Rand plummets as South Africa’s political risk soars

The rand has weakened further to R19 to the US dollar, reflecting the heightened political risks investors see in South Africa.

South Africans went to the polls on 29 May 2024, where they voted to make the biggest change to South Africa’s politics since 1994.

For the first time in 30 years, the ANC lost its majority, necessitating the ruling party to form a coalition with opposition parties.

While many called for an ANC/DA coalition, the ruling party chose to form a Government of National Unity (GNU), with the parties forming part of this union still unclear.

Various political parties, while able to join the GNU, have shown differing responses. Some initially stated that they would not join, while others are awaiting the details of the agreement. 

While the approach has generally been seen as sensible, market concerns linger on the length of the process, and the commentary coming out from various parties has also had some market impact.

This has added to the elevation of political risk and, therefore, rand weakness.

Investec chief economist Annabel Bishop said that just ten days after South Africa’s national election, the rand has run up back to R19.00/USD.

President Ramaphosa has expressed the need “for multiparty cooperation and multi-stakeholder collaboration if we are to overcome the severe challenges that confront our country” in a GNU. 

“The purpose of the government of national unity must be first and foremost to tackle the pressing issues that South Africans want to be addressed,” he said.

Bishop said markets are seeking political stability in the country’s governance and policies, including the need for fiscal consolidation, independence of the Reserve Bank and the judiciary, free markets, and protection of property rights.  

“While the election process itself has been declared free and fair, there has some complaints from smaller parties, with court action beginning, while the risk of severe civil unrest in KZN again is a concern,” Bishop said.

Other factors 

South Africa’s benchmark bond has also seen some weakness in its yield post-election. The markets are concerned that a left-leaning coalition could increase borrowing and deficits, which has also added to rand weakness.

The rand saw some comparative, mild strength at the end of last week as the US saw stronger than anticipated non-farm payroll figures, allaying some fears of a weakening US economy and pushing up the US GDP Q2 2024 growth expectations. 

However, the US unemployment rate ticked up to 4.0% y/y, from 3.9% y/y also for May, which was seen as indicating that the labour market was not overheating in the US. The data, in combination, were instead supportive of a soft landing.

The key event in the US this week will be the Federal Open Market Committee meeting on Wednesday. 

The Fed is expected to keep its interest rate unchanged, but Bishop said the markets will focus on the accompanying statements to judge if a softening in tone has occurred. 

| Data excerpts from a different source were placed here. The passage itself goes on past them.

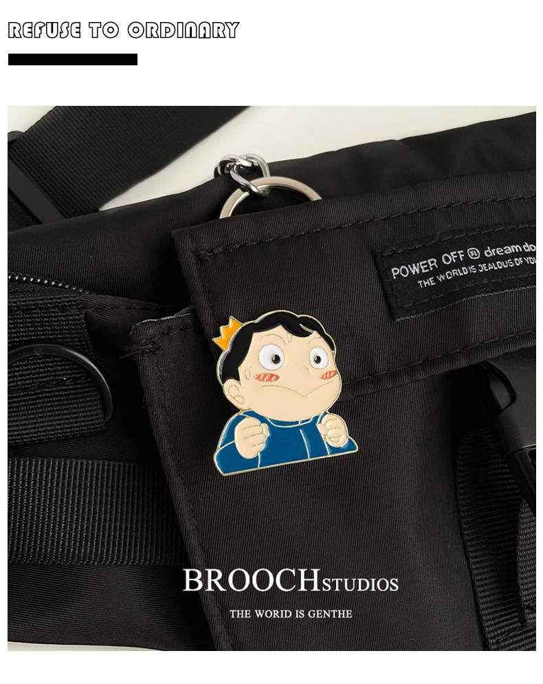 Broche Poji de rango de rey periférico de anime, linda insignia de metal de dibujos animados japoneses, mochila de estudiante, bufanda, accesorios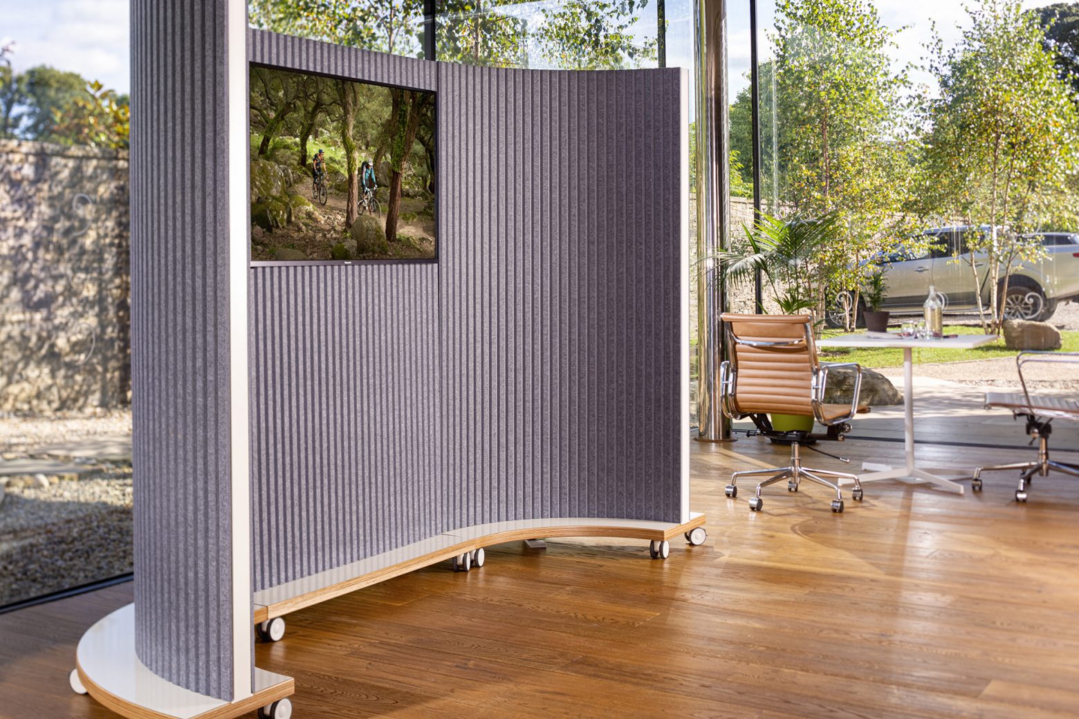 The latest in the ThinkingWall range of multi-function freestanding walls on wheels is the ThinkingWall Mobile Acoustic AV – now with battery power.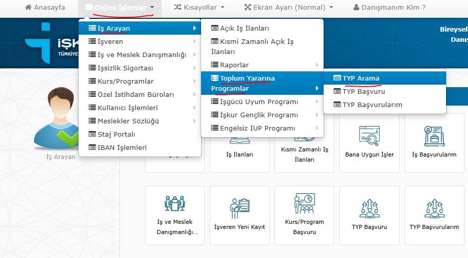 Açılan menüden sırasıyla “İş Arayan” > “Toplum Yararına Programlar” > “TYP Arama” sekmelerine tıklayın.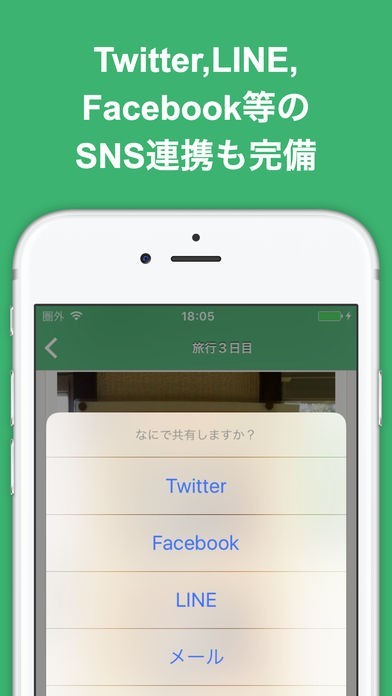 Twitter, Facebook, LINE等のソーシャル連携も万全!どんどんシェアしよう!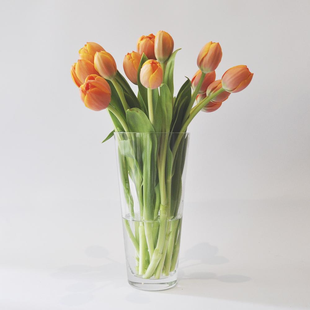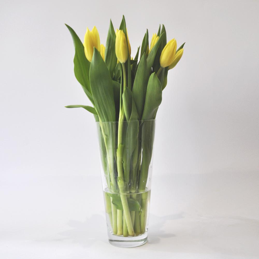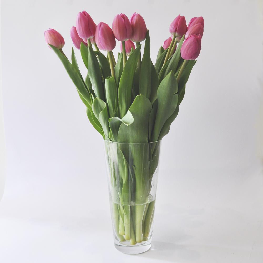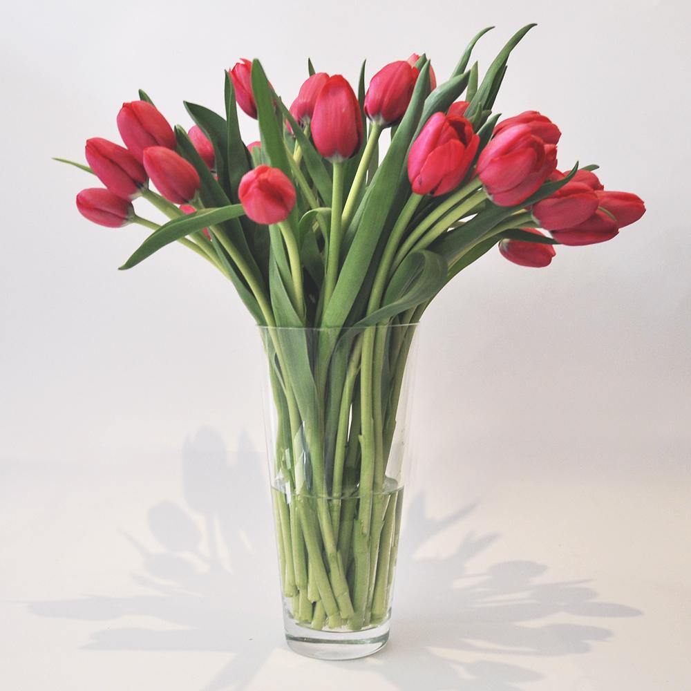 5 paquetes de 10 varas de tulipan fresco. Todas del mismo color elegido.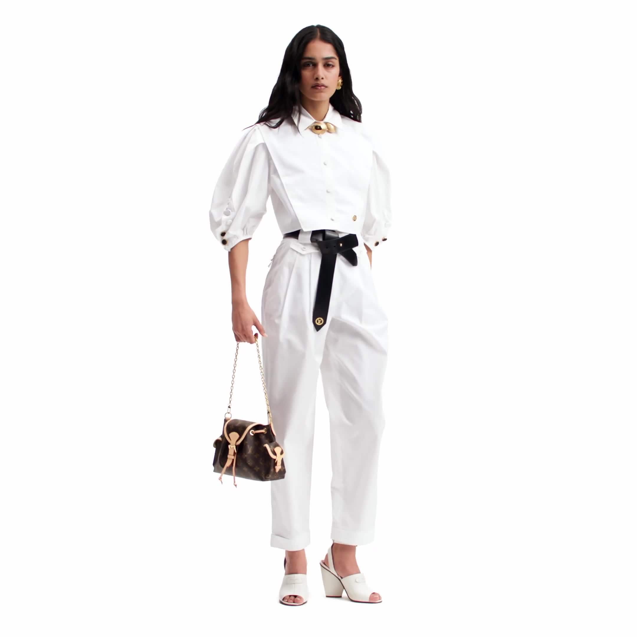 Taillé dans de la popeline de coton, ce pantalon au charme estival présente des jambes amples volumineuses mises en valeur par des plis au niveau des hanches. Une taille haute large dessine une silhouette flatteuse tandis que deux petites poches à rabats structurent la pièce. Les boutons brodés aux contours dorés de la saison prêtent un surcroît d'élégance à ce modèle.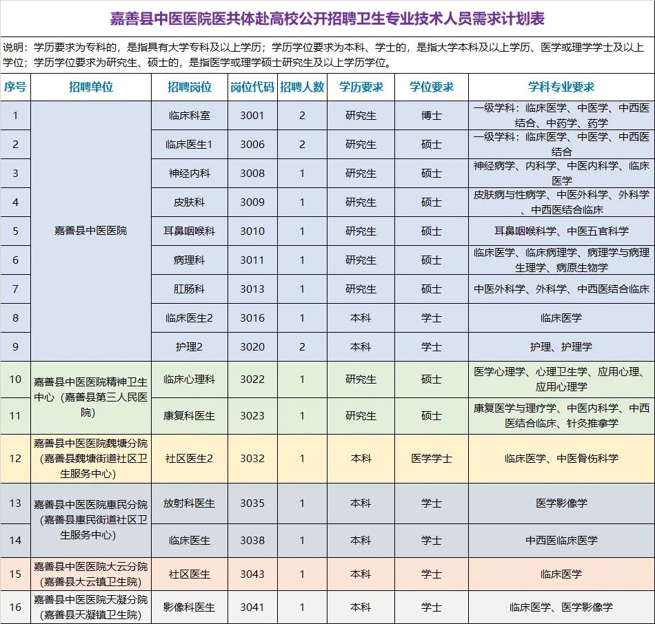 本次共招聘卫生专业技术人员19名,具体需求计划见下表。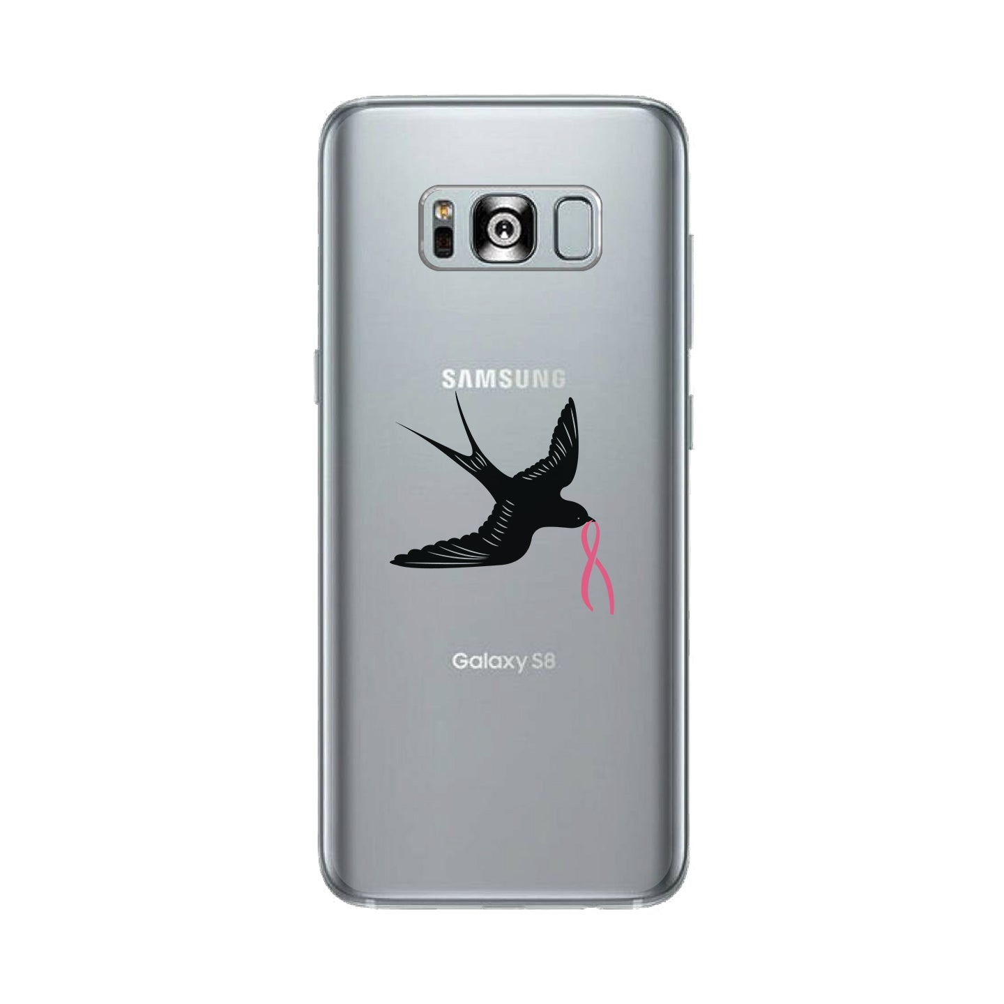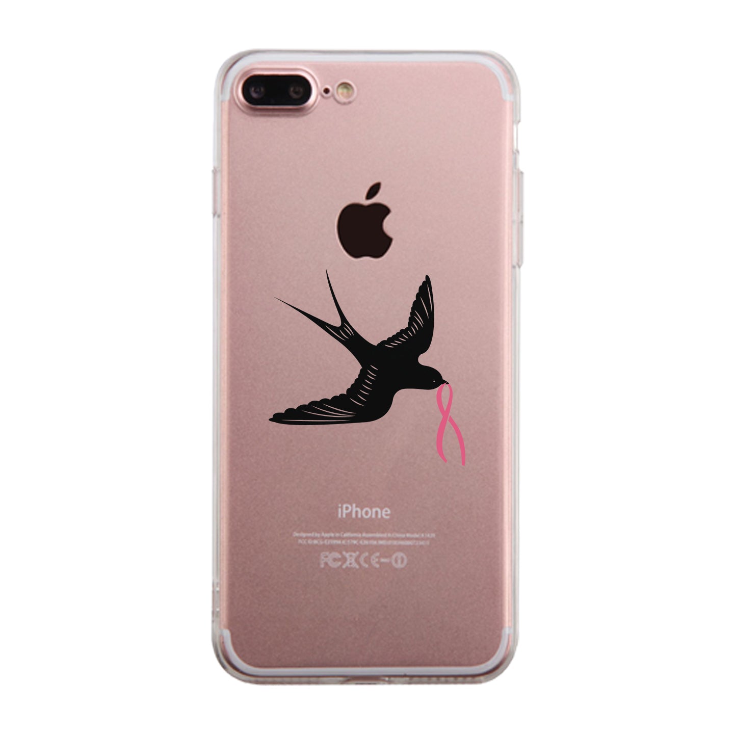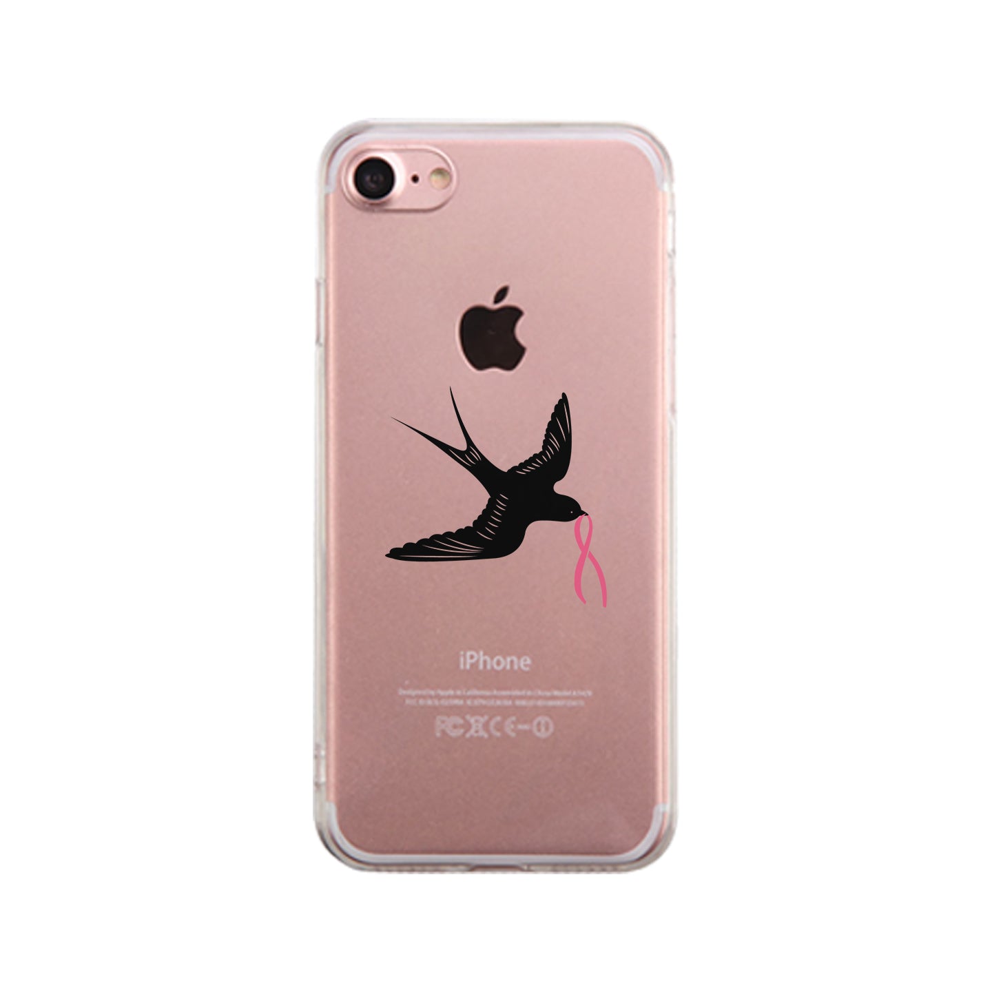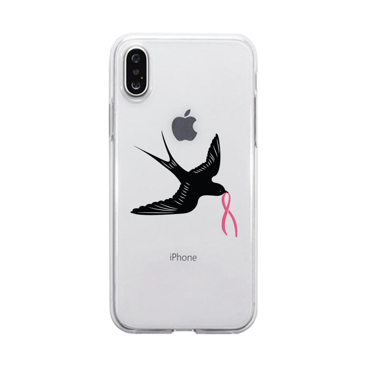 Pink Ribbon And Swallows Birds Clear Phone Case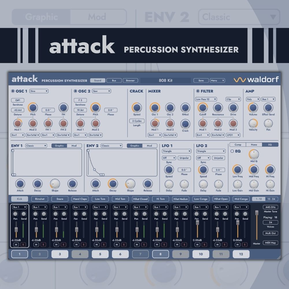 Der Attack 3 definiert Waldorfs legendären Percussion-Synthesizer für moderne Produktionen neu. Die Kombination aus kraftvoller virtuell-analoger Synthese und optionalen Samples liefert den ikonischen Club-Sound der 80er und 90er Jahre. Getreu der Philosophie „Synthesis First“ liegt der Fokus weiterhin auf der reinen Klangerzeugung, um einzigartige Sounds von Grund auf zu erschaffen. Alle Parameter sind vollständig in der DAW automatisierbar und laden zum intuitiven Sounddesign in Echtzeit ein.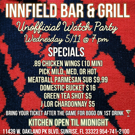 Love the Inn Field!! My go-to spot for drinks, darts, and pool. The bartenders greet me every time I walk in, remember my drink preference, and have my drink in front of me before I even sit down. The food is always good; wings are amazing, and the club sandwich is delicious! I can always count on them to have the game on, no matter what sport. If it isnt on any of the tvs, I ask and they are more than happy to change the channel as long as no one else Is watching. I even learned to play poker absolutely free of charge! My weekend spot(and weekdays if Im feeling feisty). Thank you Lisa and Rene for always being amazing!!! Of course Anna and Mel, and Chef Tony! I love the Inn Field!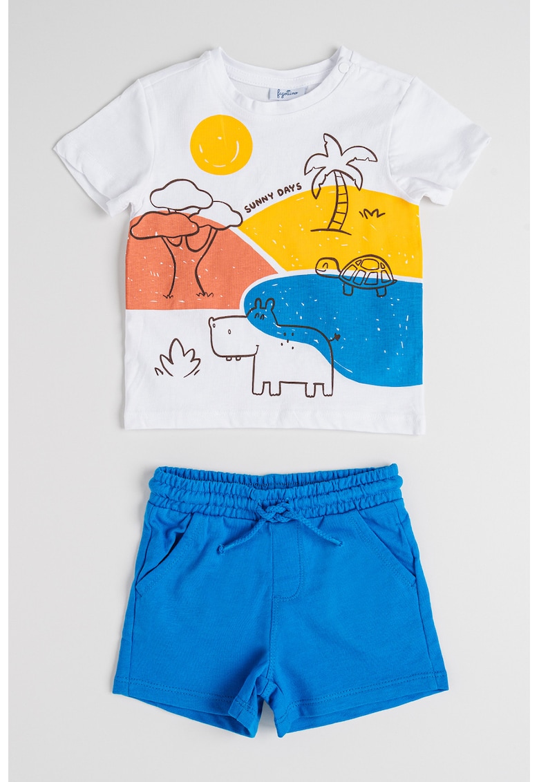 - albastru deschis Stil: casual Imprimeu: grafic Croiala: regular fit Material: bumbac Decolteu: rotund Lungime maneca: maneca scurta Lungime pantaloni: scurti Compozitie Exterior: 100% bumbac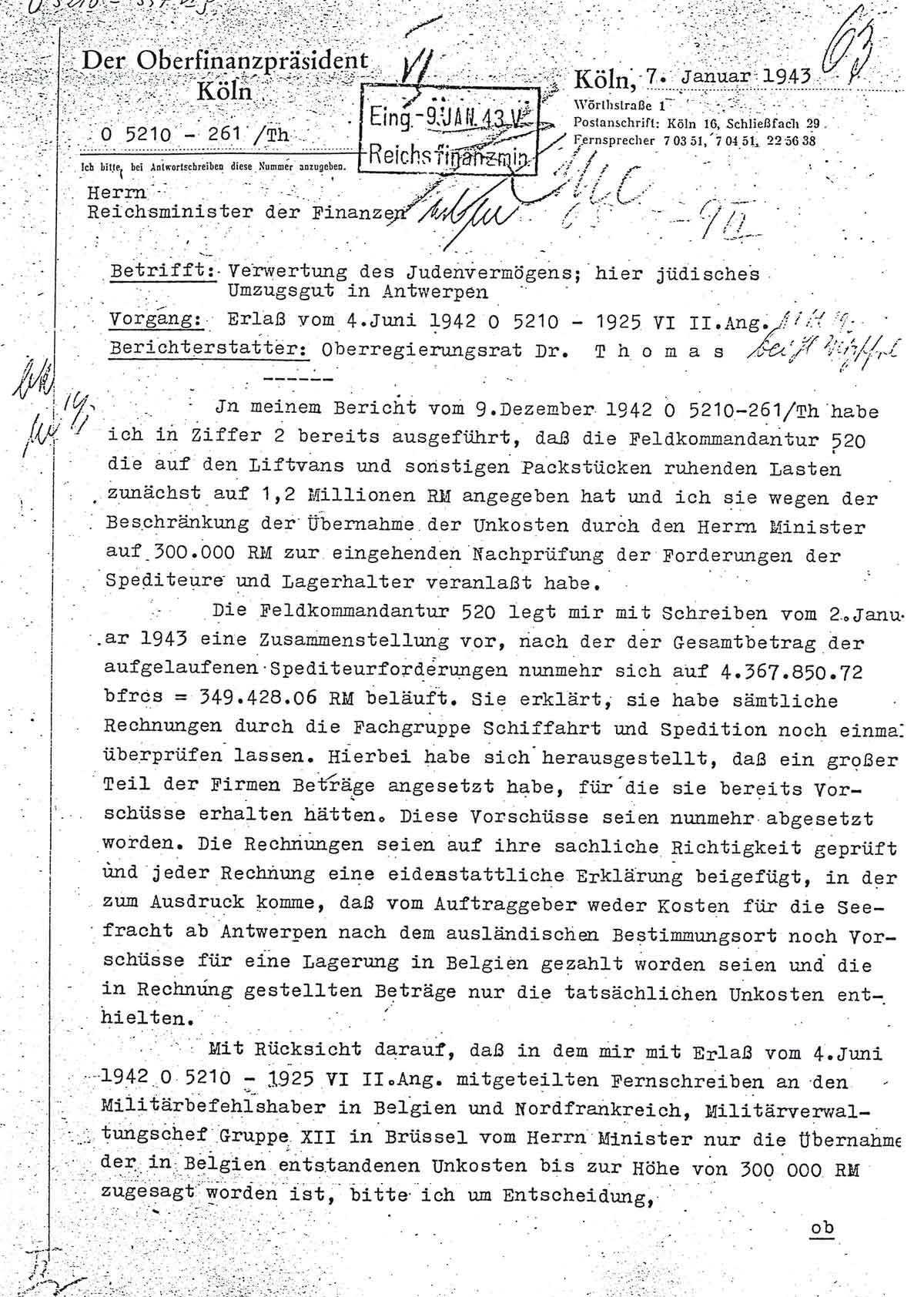 Am 7. Januar 1943 berichtet der Oberfinanzpräsident Köln Folgendes an das Reichsfinanzministerium:

Expectations on the US interest rate cutting cycle have slowed down, with less than a 100% certainty in markets seen for a cut at the January meeting next year, as the US rate cut cycle is both delayed and weakened, adding to rand depreciation. 

“The rand will remain beholden to both global and domestic events, with parliament due to see its first sitting of the new dispensation just after the middle of the month, and President Ramaphosa expected to be voted in again as President,” Bishop said.